Voice and Staff Separation in Symbolic Piano Music with GNNs

The massive query is how can we make automatic transcription models higher.

To develop a simpler system for separating musical notes into voices and staves, particularly for complex piano music, we’d like to rethink the issue from a unique perspective. We aim to enhance the readability of transcribed music ranging from a quantized MIDI, which is significant for creating good rating engravings and higher performance by musicians.

For good rating readability, two elements are probably an important:

the separation of staves, which organizes the notes between the highest and bottom staff;
and the separation of voices, highlighted on this picture with lines of various colours.

In piano scores, as said before, voices should not strictly monophonic but homophonic, which suggests a single voice can contain one or multiple notes playing at the identical time. Any further, we call these chords. You’ll be able to see some examples of chord highlighted in purple in the underside staff of the image above.
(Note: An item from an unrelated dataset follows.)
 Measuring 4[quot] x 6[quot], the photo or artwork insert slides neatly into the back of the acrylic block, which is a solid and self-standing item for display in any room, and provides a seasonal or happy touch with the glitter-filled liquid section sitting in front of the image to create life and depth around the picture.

From a machine-learning perspective, we’ve got two tasks to resolve:

The primary is staff separation, which is simple, we just must predict for every note a binary label, for top or bottom staff specifically for piano scores.
The voice separation task could seem similar, in spite of everything, if we are able to predict the voice number for every voice, with a multiclass classifier, and the issue could be solved!

Nonetheless, directly predicting voice labels is problematic. We would wish to repair the utmost variety of voices the system can accept, but this creates a trade-off between our system flexibility and the category imbalance inside the data.
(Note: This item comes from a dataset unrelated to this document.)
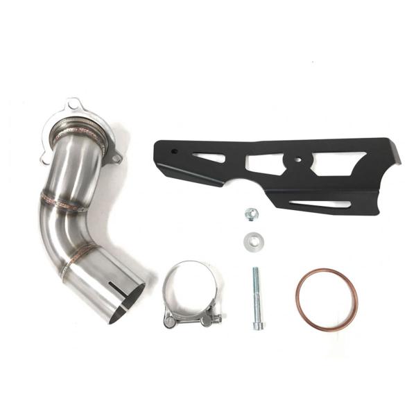 The kit includes a dedicated link pipe, mounting hardware, and all components needed for installation. It’s fully Plug&Play and requires no ECU remapping – just mount and ride.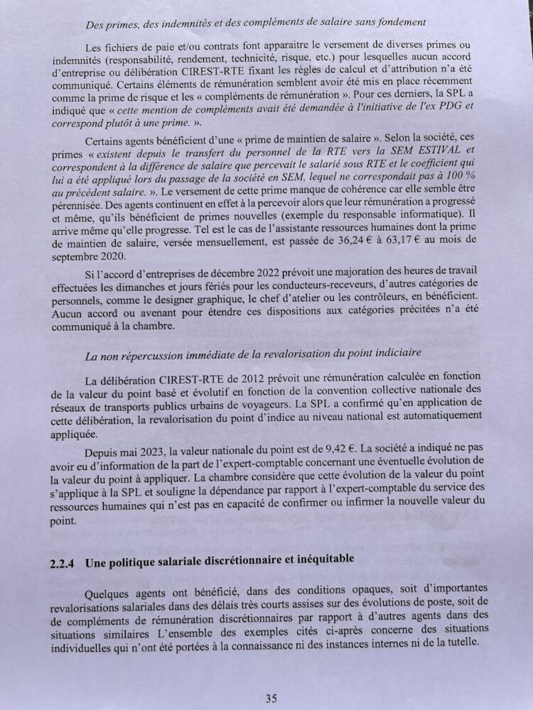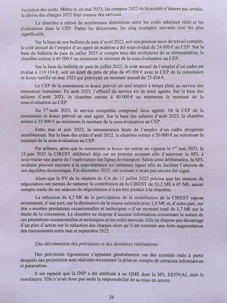 Le rapport pointe « une gouvernance défaillante », « des dispositifs de contrôle interne insuffisants » notamment à propos des marchés publics ; « un déficit d’exploitation depuis 2021 », « une progression très rapide des charges devenues largement supérieures aux produits », « des prévisions budgétaires insincères », « une gestion dispendieuse des ressources humaines, dépourvue de lisibilité », « une hausse marquée des effectifs sans lien avec l’évolution de l’activité », « la non présentation de décisions à conséquences financières au conseil d’administration », « des entorses au cadre de rémunération », « une politique salariale discrétionnaire et inéquitable », « des mauvais choix de gestion à des errements contestables », « des prestations douteuses réglées directement par l’ex PDG », « des choix coûteux : l’exemple des baux », « des arrangements avec les dispositions contractuelles de la délégation de service public… Bref, vous l’aurez compris, rien de vraiment rassurant, en dépit des efforts déployés ces derniers temps par le président par intérim et le conseil d’administration. Les clignotants de la SPL Estival sont toujours dans le rouge.

For instance, if we set the utmost variety of voices to eight, to account for 4 in each staff because it is often done in music notation software, we are able to expect to have only a few occurrences of labels 8 and 4 in our dataset.

Looking specifically on the rating excerpt here, voices 3,4, and eight are completely missing. Highly imbalanced data will degrade the performance of a multilabel classifier and if we set a lower variety of voices, we might lose system flexibility.

The answer to those problems is to have the ability to translate the knowledge the system learned on some voices, to other voices. For this, we abandon the thought of the multiclass classifier, and frame the voice prediction as a link prediction problem. We would like to link two notes in the event that they are consecutive in the identical voice. This has the advantage of breaking a posh problem right into a set of quite simple problems where for every pair of notes we predict again a binary label telling whether the 2 notes are linked or not. This approach can be valid for chords, as you see within the low voice of this picture.

This process will create a graph which we call an output graph. To search out the voices we are able to simply compute the connected components of the output graph!

To re-iterate, we formulate the issue of voice and staff separation as two binary prediction tasks.

For staff separation, we predict the staff number for every note,
and to separate voices we predict links between each pair of notes.

While not strictly obligatory, we found it useful for the performance of our system so as to add an additional task:

Chord prediction, where just like voice, we link each pair of notes in the event that they belong to the identical chord.

Let’s recap what our system looks like until now, we’ve got three binary classifiers, one which inputs single notes, and two that input pairs of notes. What we’d like now are good input features, so our classifiers can use contextual information of their prediction. Using deep learning vocabulary, we’d like an excellent note encoder!

We elect to make use of a Graph Neural Network (GNN) as a note encoder because it often excels in symbolic music processing. Subsequently we’d like to create a graph from the musical input.

For this, we deterministically construct a brand new graph from the Quantized midi, which we call input graph.